После очередного, четвертого по счету, выстрела противника снаружи что-то грохнуло, и «Жигули» накренились на левый бок.
«По колесу выстрелил, сука, – догадался Стрельцов, – ладно, получай!»
Все еще не рискуя подставлять свою голову, гаишник снова выставил руку в окно и выстрелил три раза подряд.
Салон «Жигулей» тут же наполнился едким пороховым дымом, от которого у младшего лейтенанта защипало глаза.

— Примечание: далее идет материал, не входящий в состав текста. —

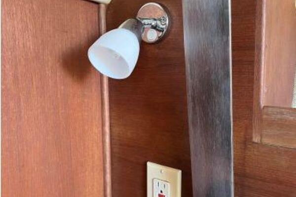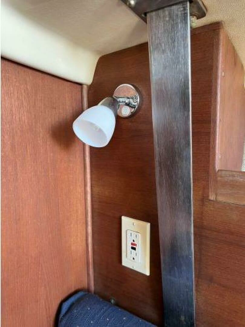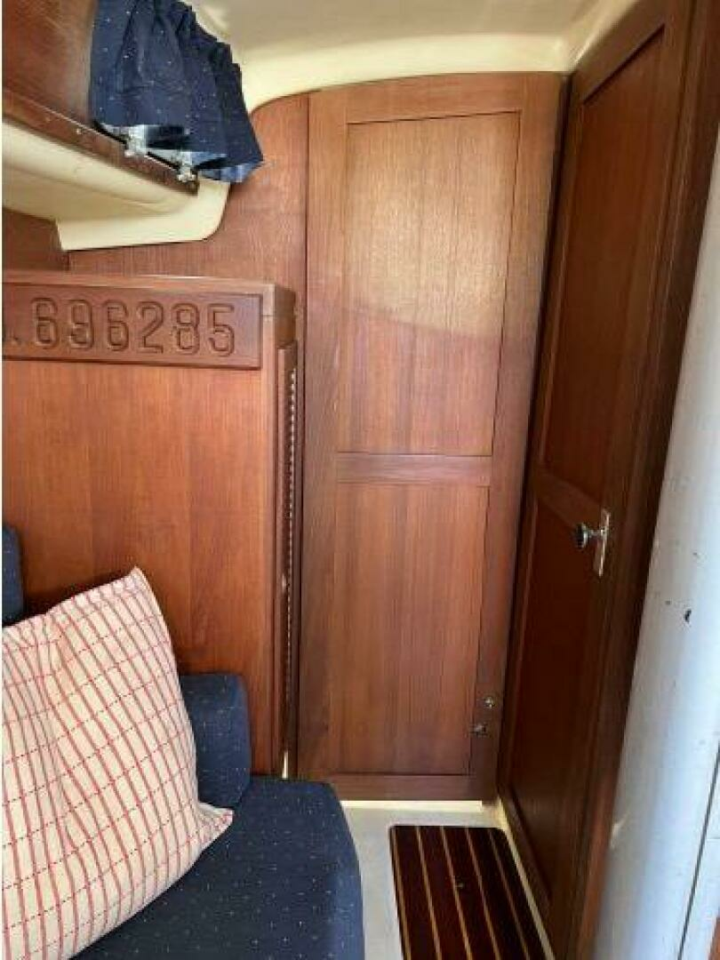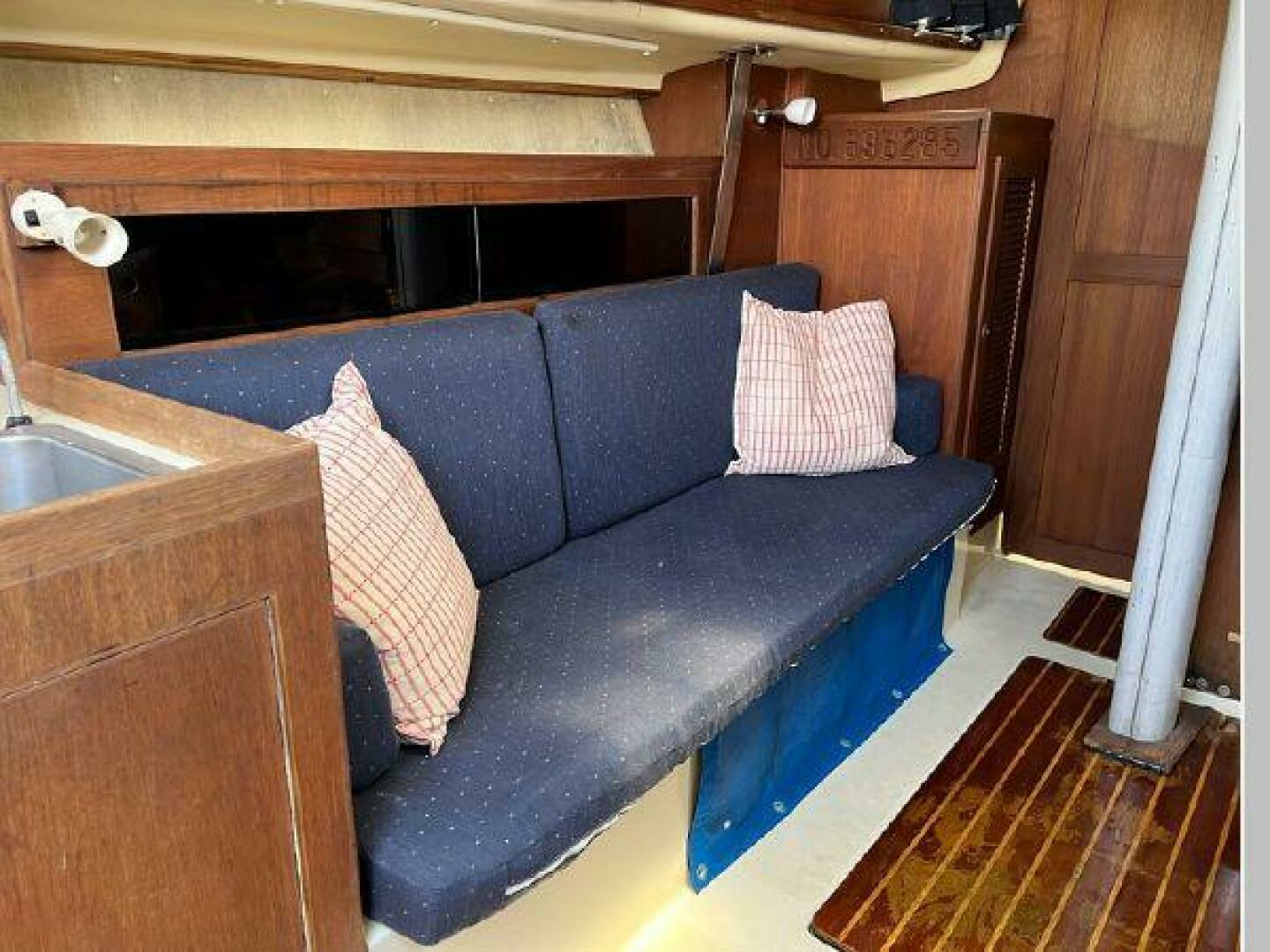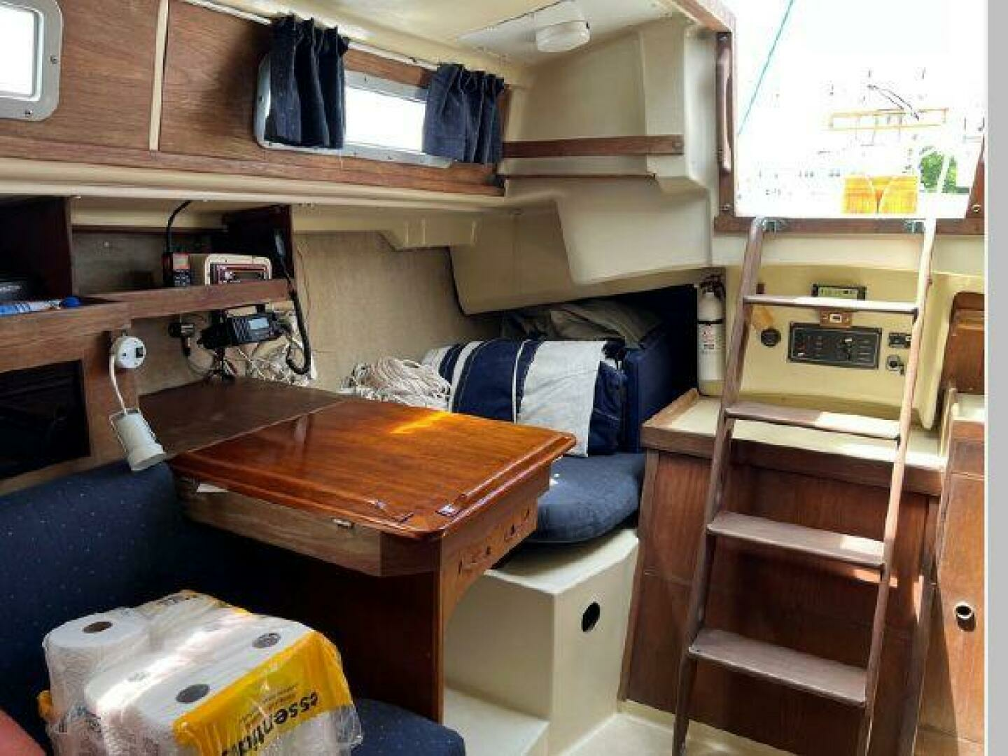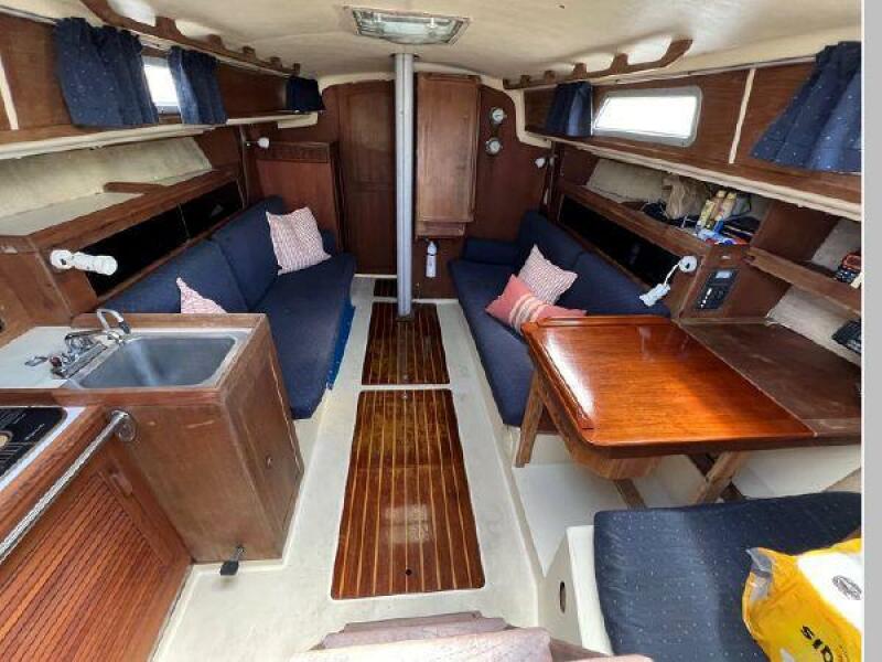 Starting forward is the V-berth with filler, storage shelves outboard and storage drawers, next aft is a hanging locker to port and the enclosed head to starboard. Next aft is a single convertible settee to port and a convertible settee to a double to starboard. There is a bulkhead mounted 2 leave folding teak dining table. Next aft is the galley to port and the navigation station to starboard with a quarter berth aft.
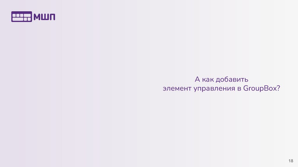А как добавитьэлемент управления в GroupBox?
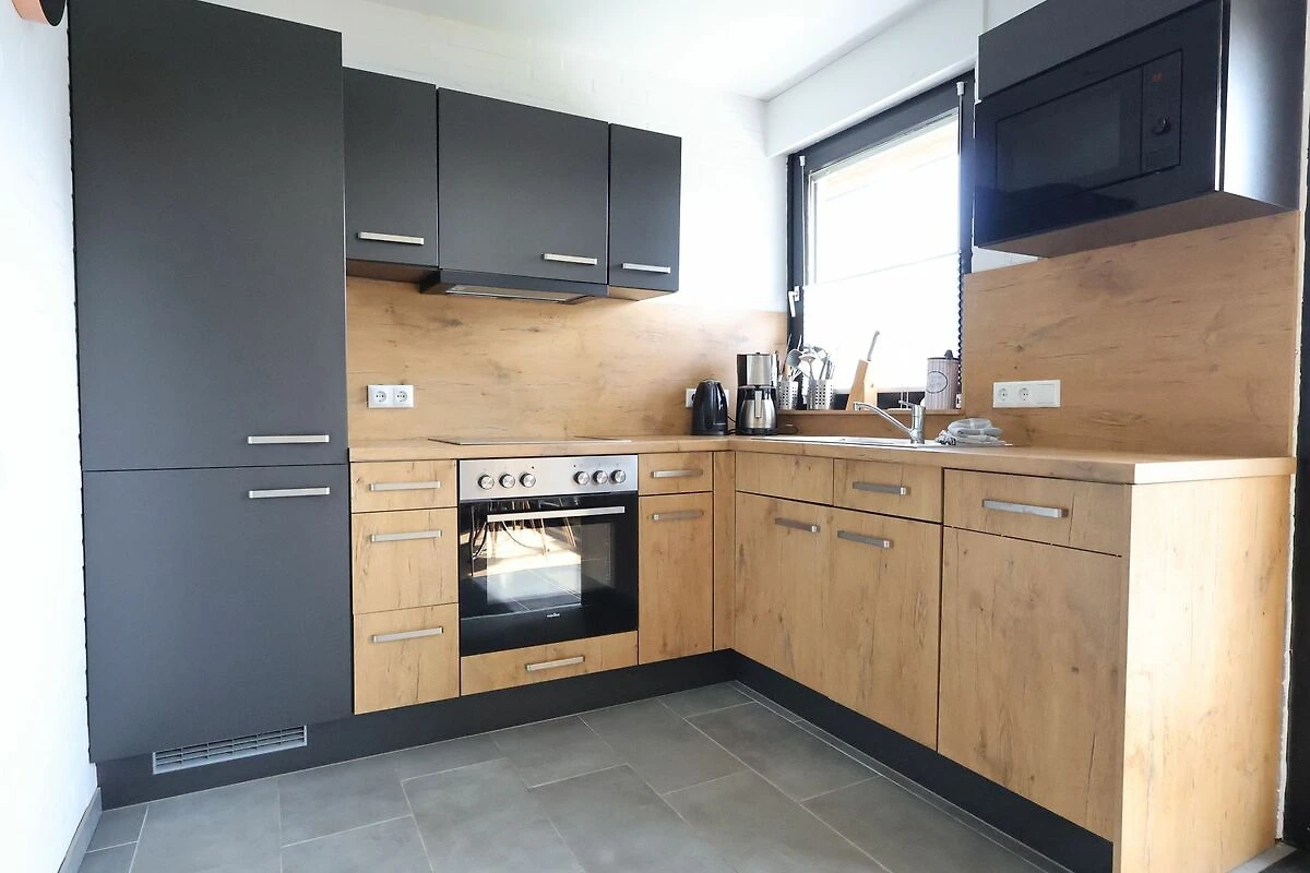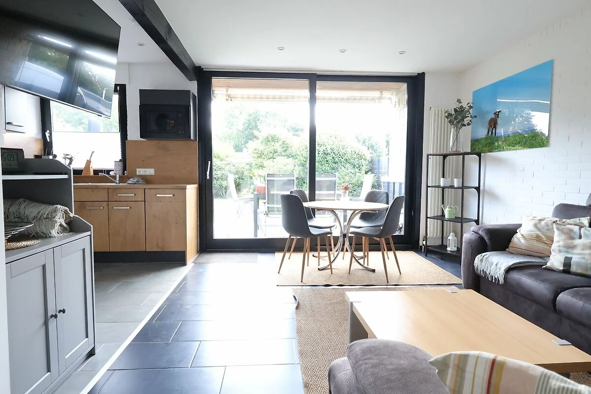 Neben einer gut eingerichteten und neuen Küche mit Geschirrspüler, Kühlschrank mit Eisfach, Ofen, Mikrowelle und Ceranfeld, erwarten Sie zusätzlich ein grosser Flachbildfernseher im Wohnbereich, Internetzugang, ein grosses Sofa, sowie ein Parkplatz. Eine Zentralheizung erwärmt das gesamte, durchgefliesste Haus. Zum Garten hin gelegen ist eine ca. 30 qm² grosse Terrasse vom Wohnzimmer aus begehbar. Dort stehen neben Sitz- und Liegemöbeln auch ein Grill sowie ein Sonnenschirm im windgeschützten Aussenbereich und eine ausfahrbare Markise. Der Garten ist komplett eingezäunt und absolut hundefreundlich.
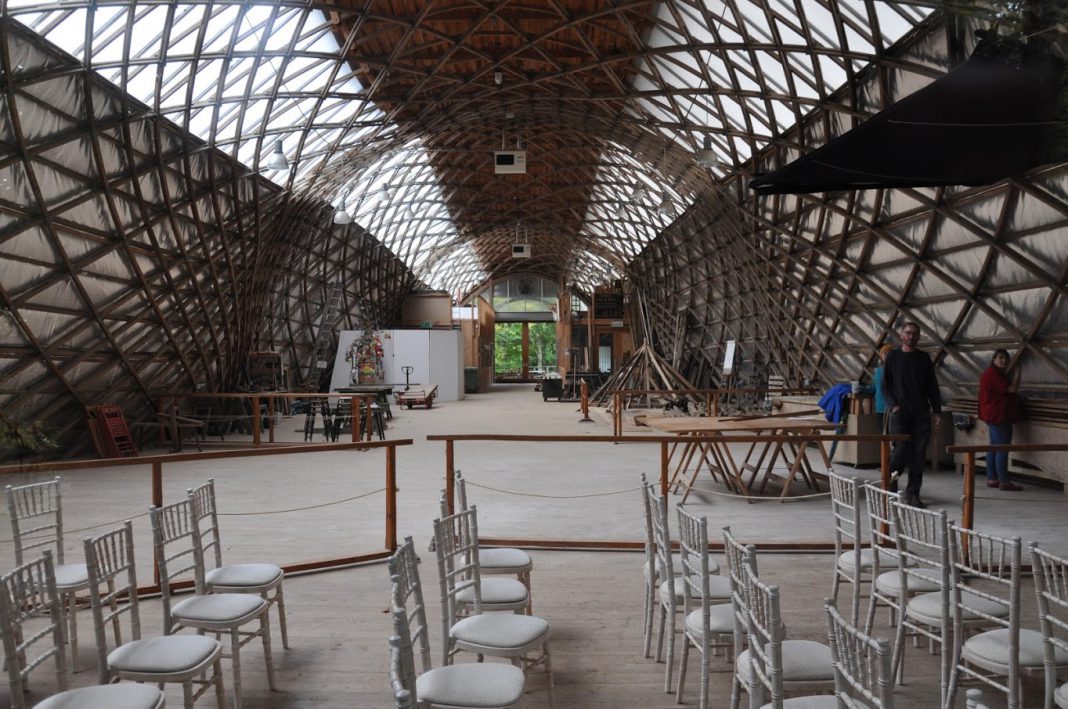 A recent addition to the museum was the construction in 2002 of the innovative Gridshell building. This was designed by Ted Cullinan of Edward Cullinan Architects with BuroHappold Engineering and the gridshell construction was the first of its kind to be built in Britain. Some members of our group were given a tour of the building and its large basement storage area. The spectacular upper interior space known as the Jerwood Gridshell Space is used as a conservation workshop and for training. The basement houses a large collection of tools and artefacts of rural life.
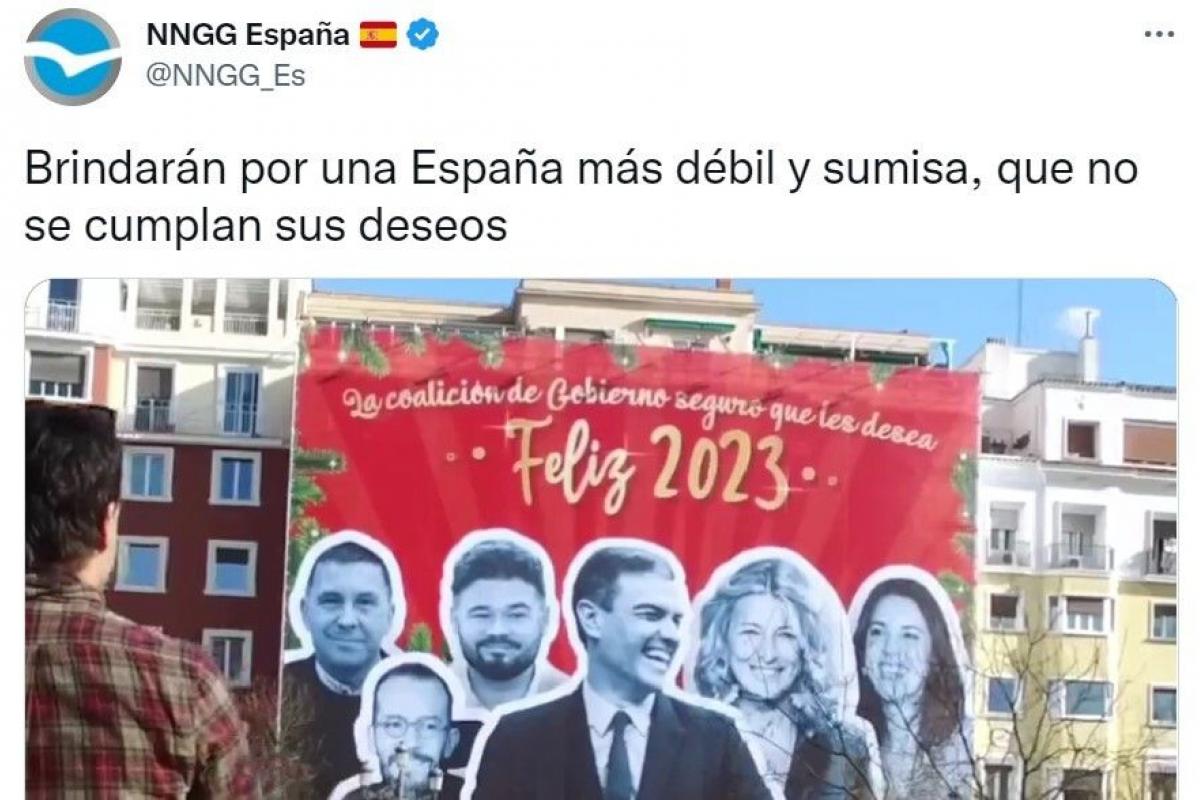 “La coalición de Gobierno seguro que les desea Feliz 2023”, se puede leer en el mensaje. Nuevas Generaciones, además de compartir un vídeo del despliegue de la lona, escribió que “brindarán por una España más débil y sumisa” y pidió que “no se cumplan sus deseos”.
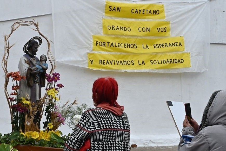 El lema de este año es "San Cayetano, orando con vos, fortalecemos la esperanza y reavivamos la solidaridad". Foto: Flavio Raina.
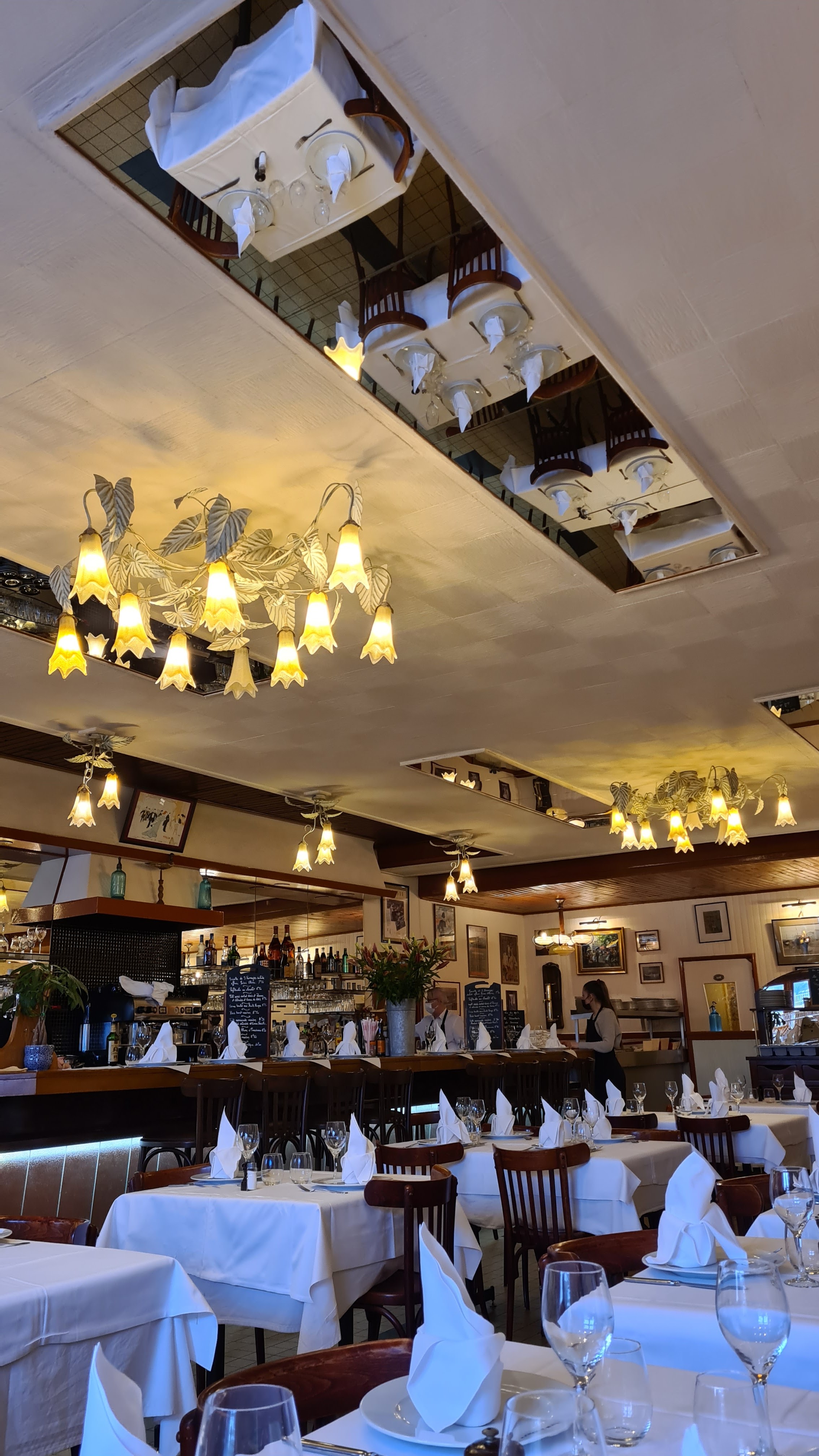 Bistrot à l ancienne, un vrai régal ce côté un peu retro j adore. Nous avons goûté des plats peu communs par exemple du foie de lotte en salade, étonnant, j ai adoré également le côté généreux de chaque assiette. Je n ai jamais vu autant de fruits de mer dans un plat de pâtes. Les desserts à l ancienne et faits maison c était délicieux et le service de qualité je recommande
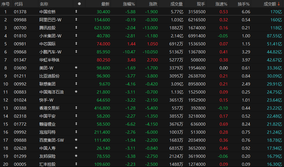 港股成交额前二十

Вдобавок ко всему Стрельцов хватанул ртом воздух и тут же закашлялся. Несмотря на открытые окна машины, в салоне стало нечем дышать.
К тому же, как назло, дымился на резиновом коврике непогасший окурок сигареты.
Секунду или две на дороге было тихо. Воспользовавшись этой короткой паузой, Стрельцов изогнулся и потянул на себя ручку в дверце пассажира.
После этого он распахнул ее ударом ноги и рывками выбрался наружу. Оказавшись на обочине, он тут же устроился за колесом и осторожно глянул из-под днища.
Пот застилал глаза, кашель разрывал грудную клетку, и Стрельцову удалось разглядеть только неясный силуэт, почти сливавшийся с темным фоном лесопосадки.
– Эй, мент, – раздался громкий хриплый голос, – поднимай лапы, тебе капец.
– Ах ты, сука, – давясь от кашля, воскликнул Стрельцов и еще пару раз пальнул из-под машины.
В ответ из-за фуры загремели беспорядочные выстрелы.
Пули безжалостно кромсали милицейский «жигуленок».
Младший лейтенант вжался в землю, стараясь укрыться за спасительным пятачком колеса.
Ба-бах! – это лопнул еще один баллон с левой стороны автомобиля.
Воздух с душераздирающим визгом вырвался наружу. Машина снова качнулась набок.
Стрельцов лежал, вытянувшись по струнке, моля бога только об одном – чтобы у них поскорее закончились патроны.
Он сразу же понял, что стреляли двое.
Один стоял на обочине возле фуры, второй высунулся из полуприцепа.
Именно этот второй застрелил капитана Костенко. Стрельцов, конечно, не мог видеть его, но слышал азартный крик:
– Ты еще живой, падла? Я тебя пулями накормлю, свинцом рыгать будешь.
Одна пуля чиркнула по земле в метре от скрывавшегося за колесом «Жигулей» гаишника.